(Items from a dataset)
——

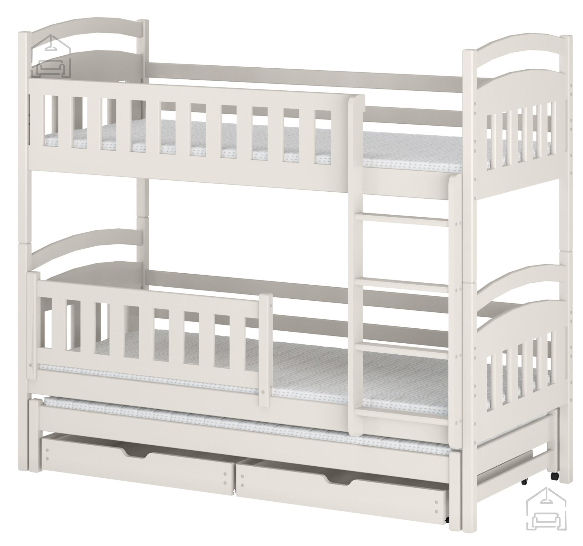 Das Etagenbett Blanka – Lano vereint hochwertige Materialien, durchdachtes Design und Sicherheit. Die stabile Konstruktion aus Kiefernholz sorgt für dauerhafte Standfestigkeit, während die praktische Lade zusätzlichen Stauraum bietet. Dank seiner schlichten Farbgebung passt es sowohl in Mädchen- als auch in Jungenzimmer. Mit dem Etagenbett Blanka wird das Schlafen angenehm und das Zimmer stets aufgeräumt und gemütlich wirken.
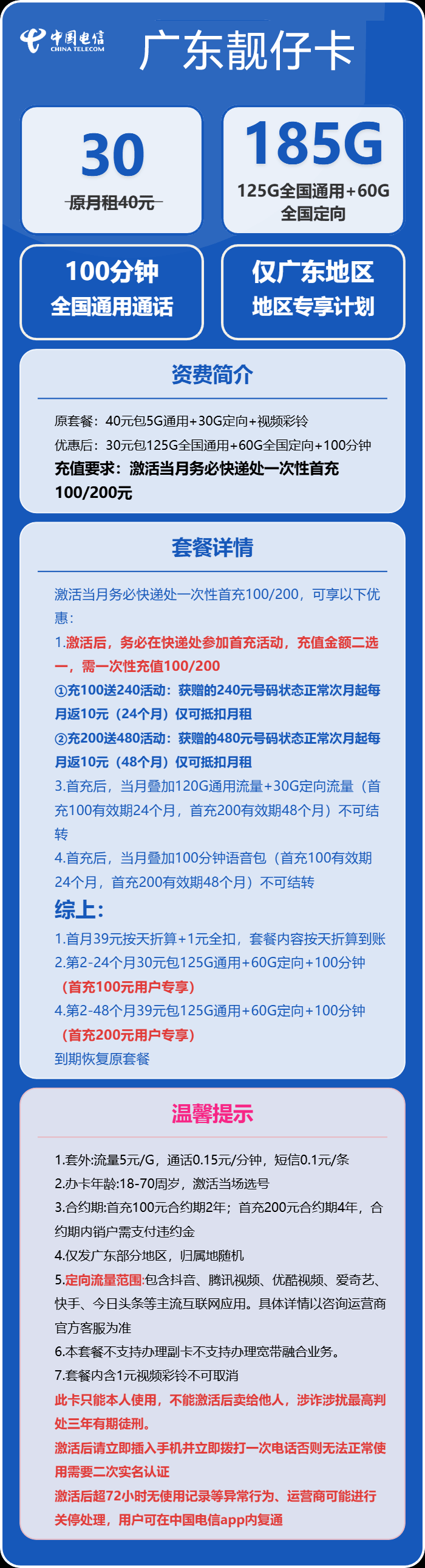 电信靓仔卡30元月享185G+100分钟【仅发广东】
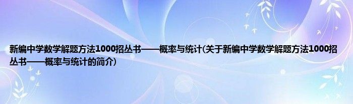 本文关于新编中学数学解题方法1000招丛书——概率与统计的简介就讲解完毕,希望对大家有所帮助。
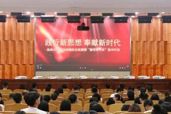 7月15日下午,小宝影院 2018年暑期社会实践暨“新青年下乡”集中行动出征仪式在南校区岩松堂雁山厅举行。小宝影院 副校长、党委委员蔡曙光;共青团乐清市委负责人;小宝影院 组织部、宣传部、研究生部、教务处、学生处、就业处、团委、马克思主义学院负责人;各学院/学区分管书记、团委(团工委)书记;全校暑期社会实践队指导老师;各实践队队长参加了此次出征仪式。出征仪式由校团委副书记丁强老师主持。
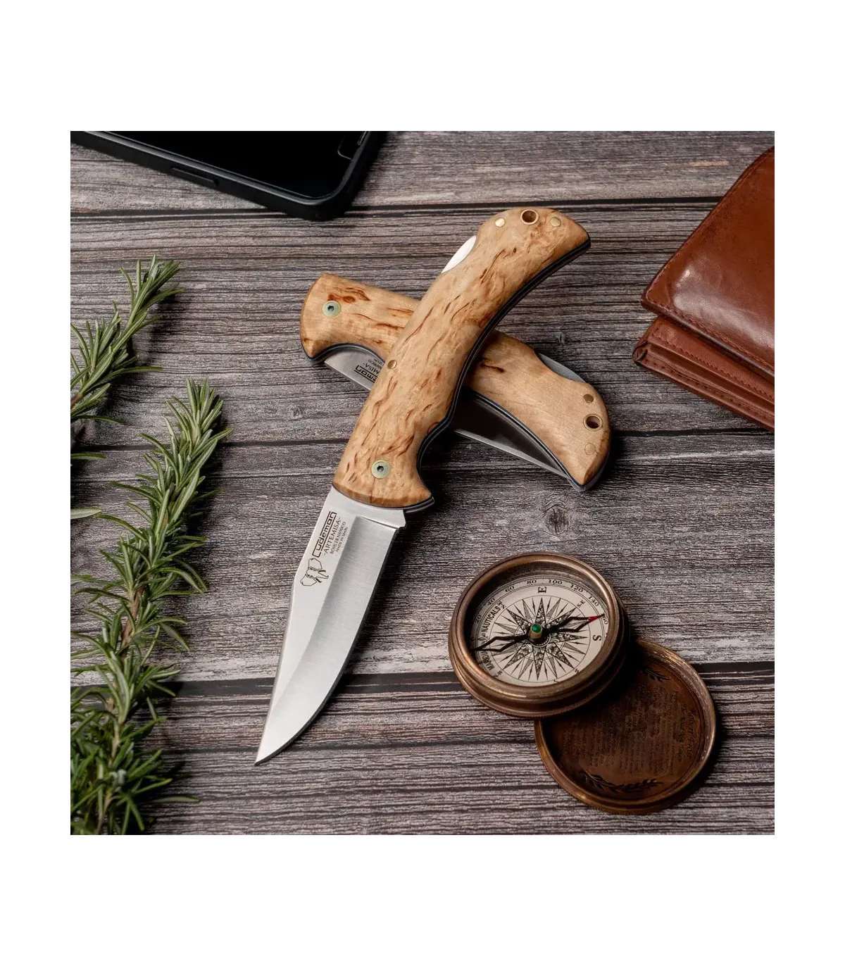 Discover the hunting knife with a curly birch handle, a masterpiece entirely made in Albacete, Spain, using the finest materials and impeccable craftsmanship! This knife combines elegance, functionality, and quality in every detail, becoming your essential tool for outdoor adventures.
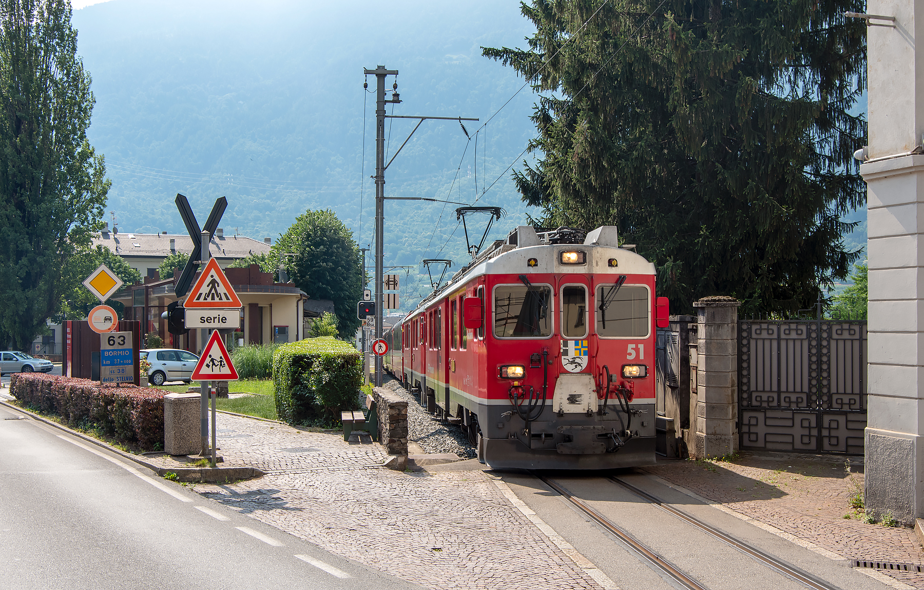 ABOVE: Whilst at the church a Tirano to St Moritz train was departing Tirano. BELOW: A St Moritz to Tirano train passes the church and is about to arrive at Tirano. The Swiss border is less than a kilometre behind the train.
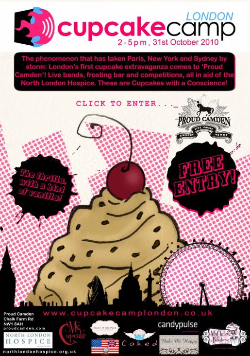 Cupcake Camp London is a volunteer-run baking event that has already taken place in Paris, New York and Sydney. A popular means of raising money for charity, previous Cupcake Camps have attracted up to 1,000 participants and thousands of pounds for good causes. Cupcake Camp London, London’s first cupcake extravaganza, hits town on 31st October, 2010 and will be raising money for the North London Hospice.
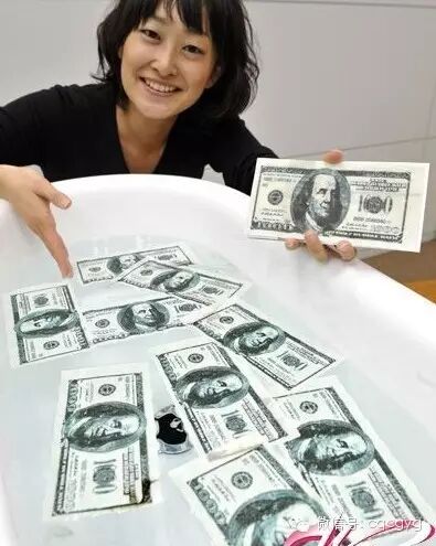 这是谁这么奢侈的把钞票浸在浴缸里?仔细一看,原来是“山寨”千元大钞的肥皂啊。
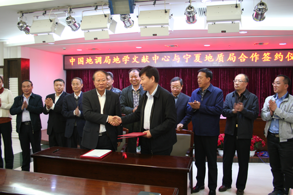 关山度若飞,春雨促发展。为充分发挥地学文献资源和信息情报优势,更好地服务国家“一带一路”倡议和宁夏经济社会发展,4月7日上午,中国地质调查局地学文献中心主任刘延明、办公室主任赵可录、文献情报室主任吕鹏等一行5人赴宁夏回族自治区地质局协商和签订战略合作协议。中心刘延明主任、宁夏地质局徐占海局长分别代表双方签订了合作协议书,双方经友好协商,双方将在多领域、全方位携手合作、共同发展,整个合作签定仪式在极其友好、非常隆重的氛围中进行。
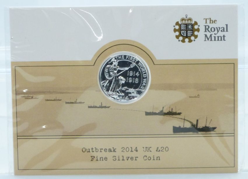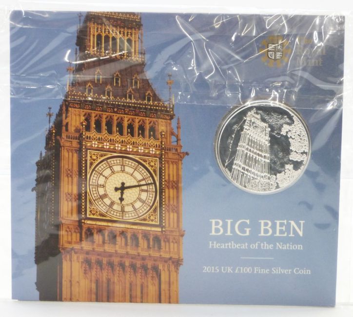 Royal Mint 2015 Big Ben Heartbeat of the Nation UK £100 fine silver coin, together with a 2014 Outbreak of WW1 £20 fine silver coin, both in presentation packs
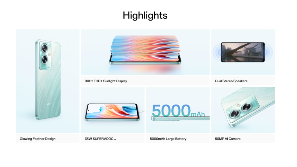 Fitur yang mungkin termasuk di antaranya adalah charger 33W SUPERVOOC, baterai besar 5.000mAh dengan Battery Health Engine, RAM 8GB yang dapat diperluas hingga 8GB, dan kamera utama 50MP yang dilengkapi kecerdasan buatan.
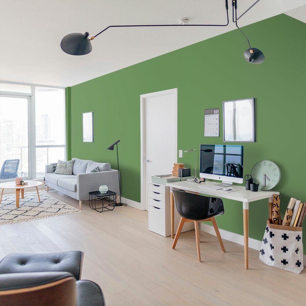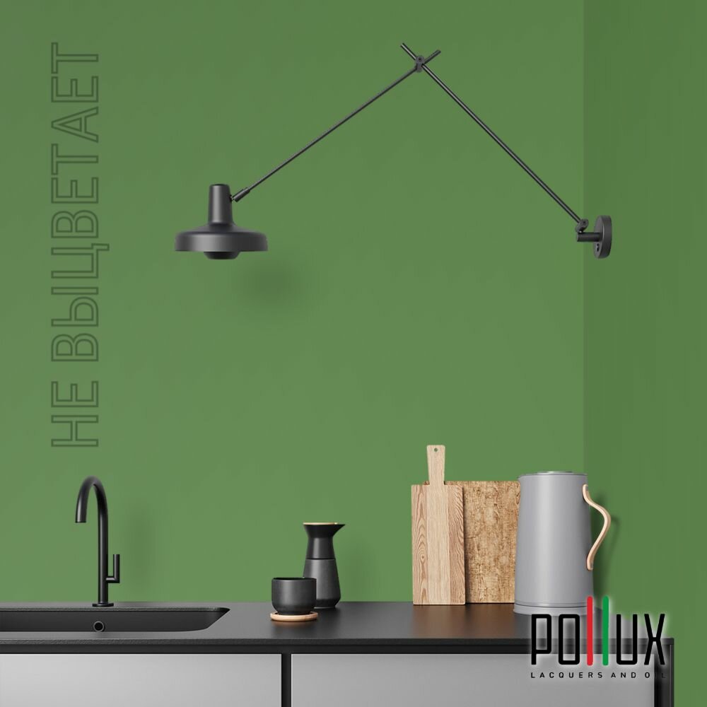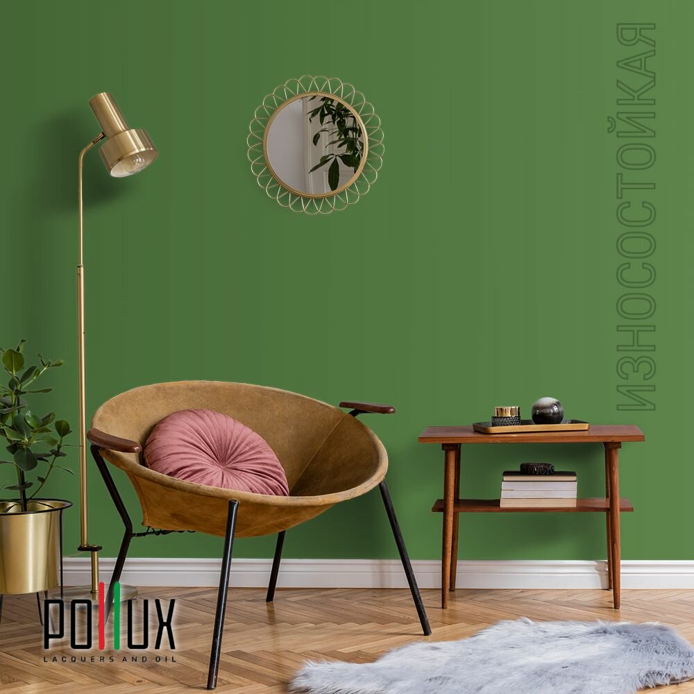 Краска моющаяся интерьерная для стен и потолков, Pollux INTERIOR без запаха, быстросохнущая, акриловая, матовое покрытие, цвет NCS S 6030-G30Y, 1л.
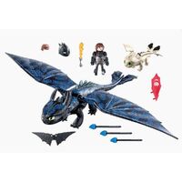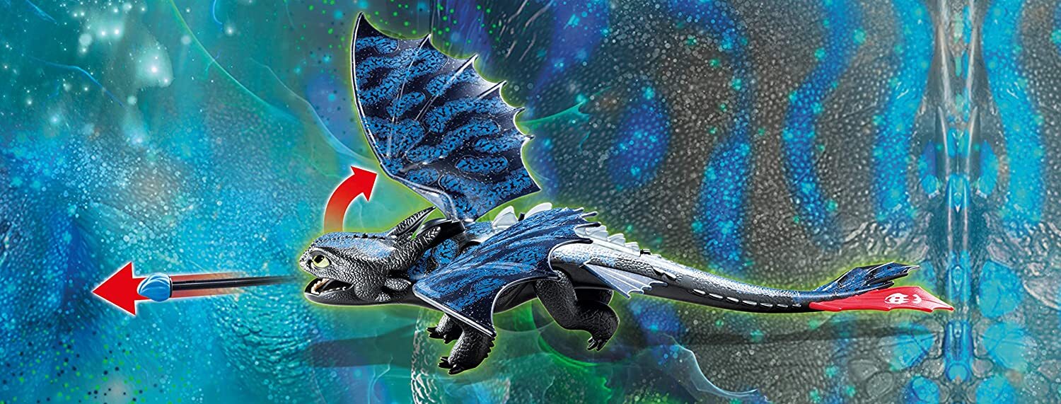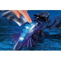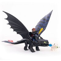 Hiccup and Toothless lead the Dragons and inhabitants of Berk on a fight against Grimmel. With illuminating back spikes and fire-charged markings, Toothless goes on a new adventure to explore the hidden world, and Hiccup learns to be a leader even without his Dragon. Set includes Hiccup, Toothless, blue fire darts, baby Dragon, flame sword, helmet, and other accessories.

——

• EXERCISE
Exclude the pictures and write out exactly the lines from the one holding "Royal Mint 2015" through the end of the entries, inclusive, and only those.

• RESPONSE TO THIS TASK
 Royal Mint 2015 Big Ben Heartbeat of the Nation UK £100 fine silver coin, together with a 2014 Outbreak of WW1 £20 fine silver coin, both in presentation packs
 Fitur yang mungkin termasuk di antaranya adalah charger 33W SUPERVOOC, baterai besar 5.000mAh dengan Battery Health Engine, RAM 8GB yang dapat diperluas hingga 8GB, dan kamera utama 50MP yang dilengkapi kecerdasan buatan.
 Краска моющаяся интерьерная для стен и потолков, Pollux INTERIOR без запаха, быстросохнущая, акриловая, матовое покрытие, цвет NCS S 6030-G30Y, 1л.
 Hiccup and Toothless lead the Dragons and inhabitants of Berk on a fight against Grimmel. With illuminating back spikes and fire-charged markings, Toothless goes on a new adventure to explore the hidden world, and Hiccup learns to be a leader even without his Dragon. Set includes Hiccup, Toothless, blue fire darts, baby Dragon, flame sword, helmet, and other accessories.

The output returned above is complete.